I wrote a script to demonstrate that: the trace is scaled vertically 10000x (the overlaps are really very small) and you see that there are 2 contacts around the common edges, and that's where the center moves upwards, then falling again and so on. Let's see if embedded videos works:

OK, they do, but youtube only plays this with 360px quality, horrible; this is an image of that:

Now, is there a way around that? You bet there is, but it is not implemented (though I though about it a lot, and some products, like PFC, have an optional feature called "smooth surfaces" which AFAICT does just that).
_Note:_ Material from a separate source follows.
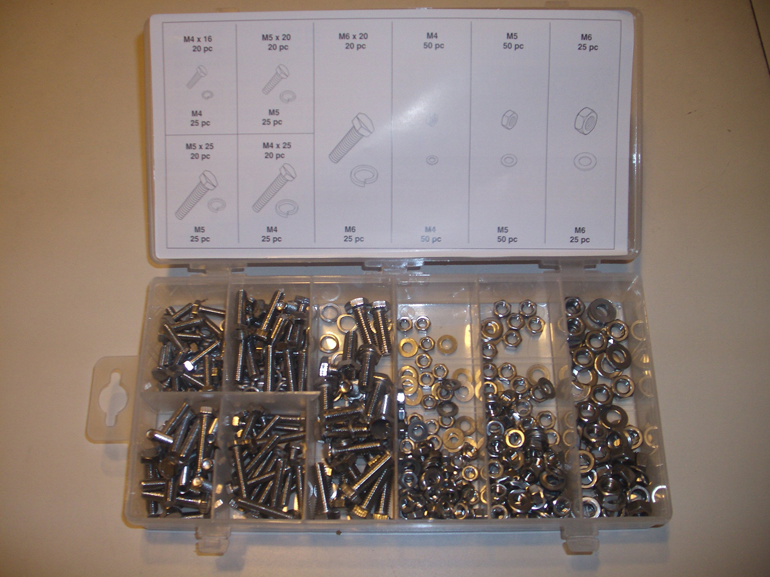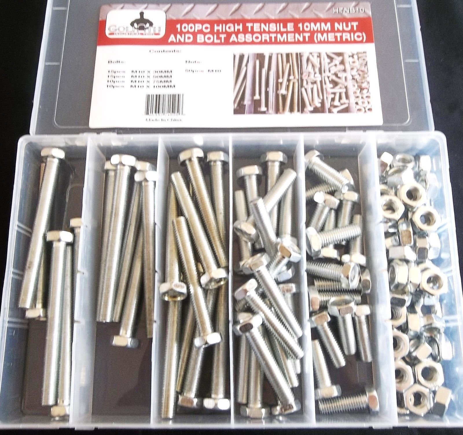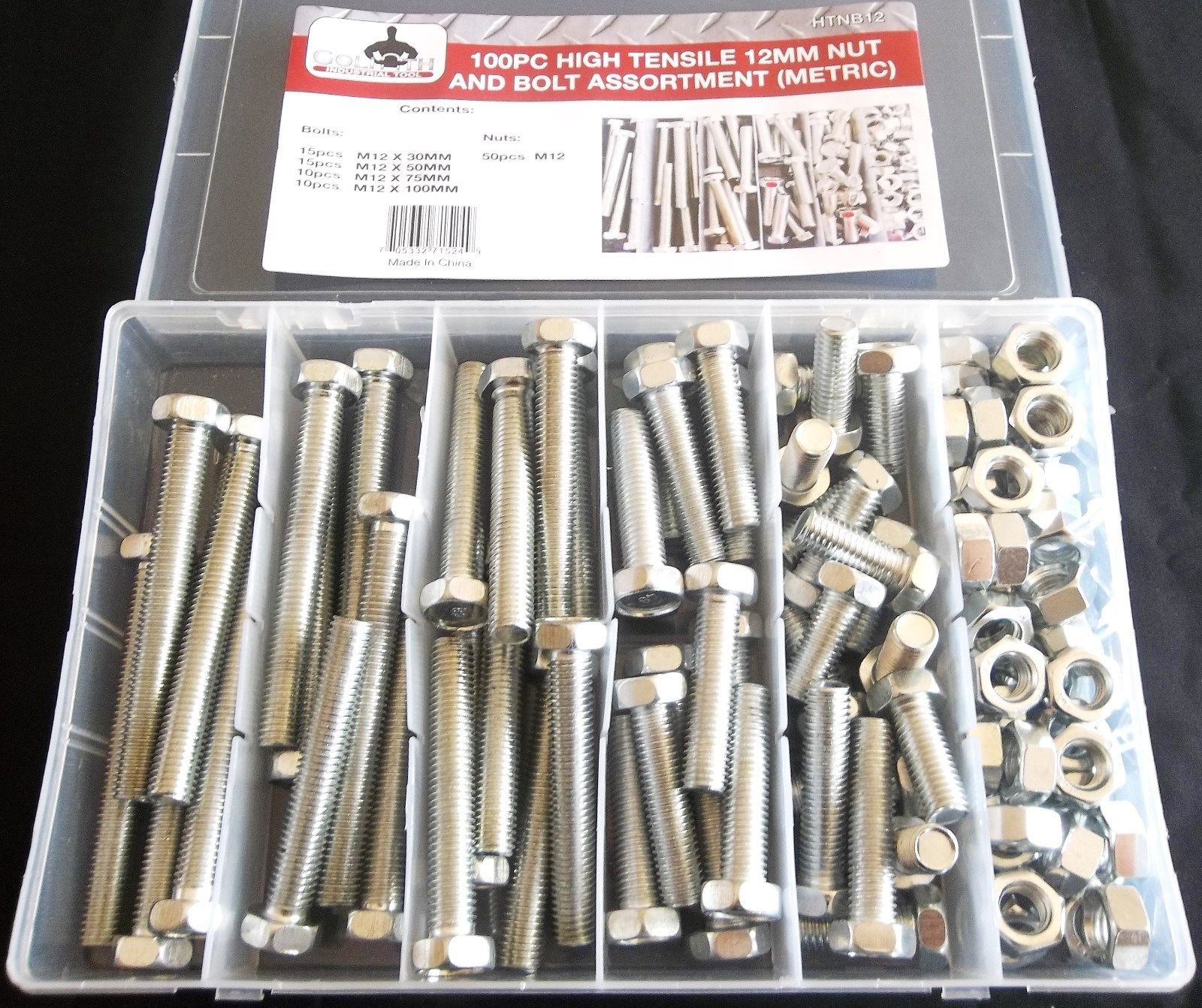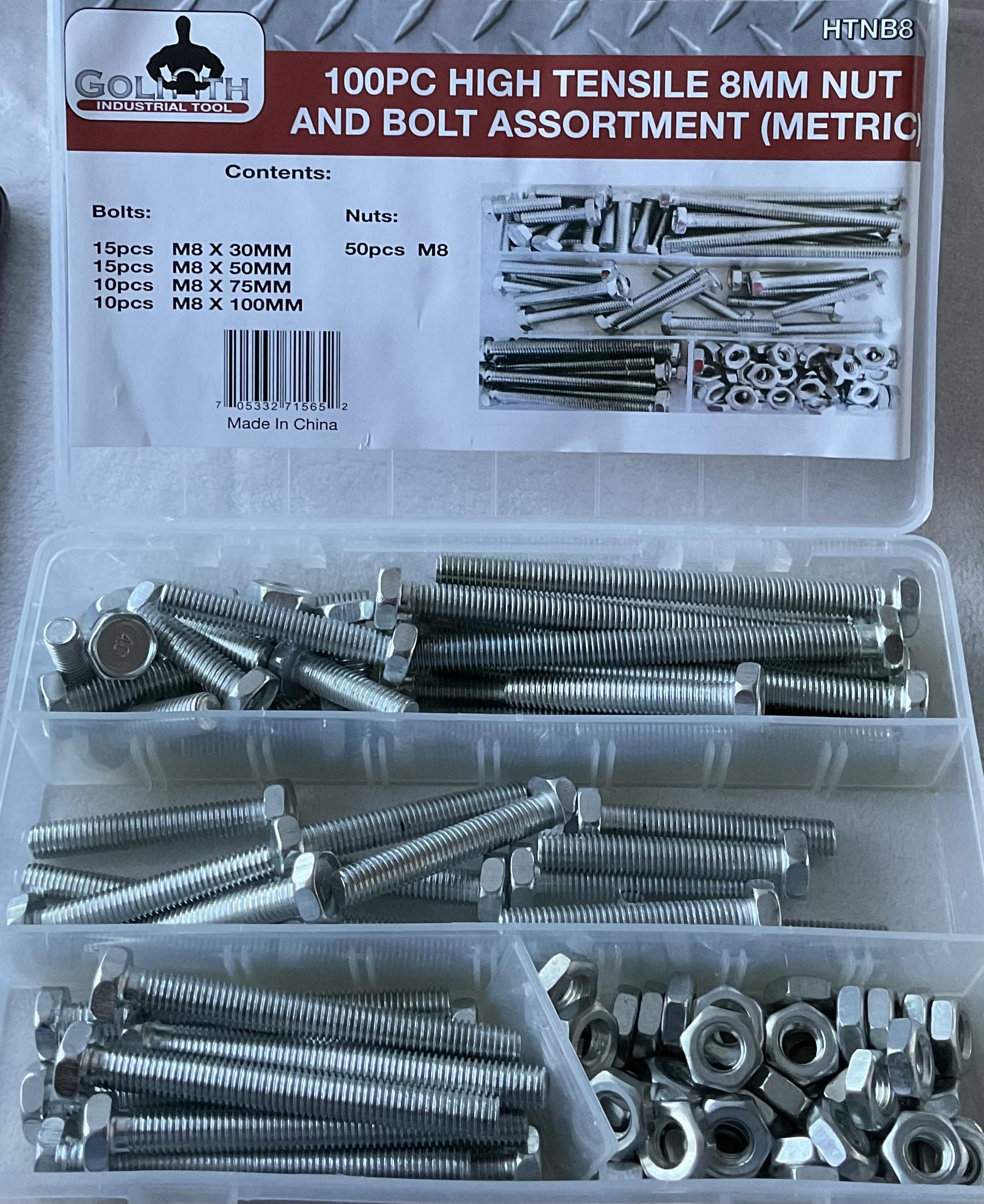 100pc High Tensile Nut And Bolt Assortment Set Contents: Bolts: 15pcs M8 X 30MM 15pcs M8 X 50MM 10pcs M8 X 75MM 10pcs M8 X 100MM Nuts: 50pcs M8

It incurs some performance penalty, as contacts are not independent on each other (in each step, you have to solve all contacts of one particle first, then somehow decide how to put them together and so on; that implies worse parallelism results), and corner cases are really hard to do: common edge is easy, but now what you do when a sphere rolls on the edge, and comes to a vertex common to e.g. 6 facets which are not co-planar? Smoothness of the solution (no abrupt change of normal, or of force between consecutive steps)  is a requirement here.

What you see is a result of that. The usual practice is just to think, ok, we know it is not perfect, but it has only a small effect on the global result. If you need more (e.g. discretization-independent contact with the surface), you have hard things to solve ahead of you.

HTH, Václav

 

 

commented Jul 22, 2015 by eudoxos (48,570 points)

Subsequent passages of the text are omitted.